The following passage is not for proof, but for understanding-reason: the first step of decimal addition is to align the digits, that is, to know which digit to add and which digit to operate. Adding 0.33333 below ... aligning decimal points with decimal points cannot guarantee the above standards, so it is impossible to add infinite decimals. Since there is no addition, there is no multiplication. )
Everyone knows that 1/3 = 0.333333 ... and both sides are multiplied by 3 at the same time to get 1 = 0.999999 ... but it looks awkward because there is a "finite" number on the left and an "infinite" number on the right.

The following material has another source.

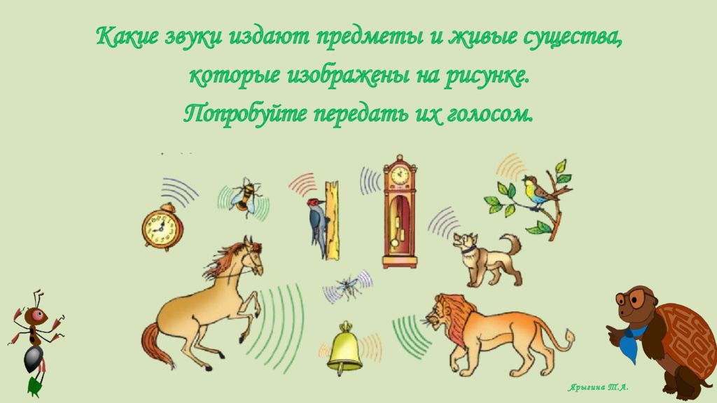 Какие звуки издают предметы и живые существа, которые изображены на рисунке. Попробуйте передать их голосом. Ярыгина Т.А.

10×0.999999…… — 1×0.999999……=9=9×0.999999……
∴0.999999……= 1
Second, what is an "irrational number"?
As we know, a number like the root number 2 can't be expressed by the ratio of two integers, and every bit of it has to be determined through constant calculation, and it is endless. This endless number greatly violates people's thinking habits.
Combined with some of the above difficulties, people urgently need a way of thinking to define and study this "endless" number, which leads to the idea of the limit of sequence.
Similar roots are still in physics (in fact, from the course of scientific development, philosophy is the real driving force, but physics has played an unparalleled role in promoting), such as the problem of instantaneous speed. We know that speed can be expressed by the ratio of displacement difference to time difference, and if the time difference tends to zero, this ratio is the instantaneous speed at a certain moment, which raises a question: Is it meaningful to find the ratio of time difference to displacement difference, which tends to be infinitely small, that is, 0÷0 (this meaning refers to the meaning of "analysis", because the geometric meaning is quite intuitive, that is, the tangent slope of this point)? This also forces people to develop a rational explanation for this, and the concept of limit comes to the fore.
The definition of limit in the real modern sense is generally believed to be given by Wilstrass, a middle school math teacher at that time, which is meaningful to our middle school teachers today.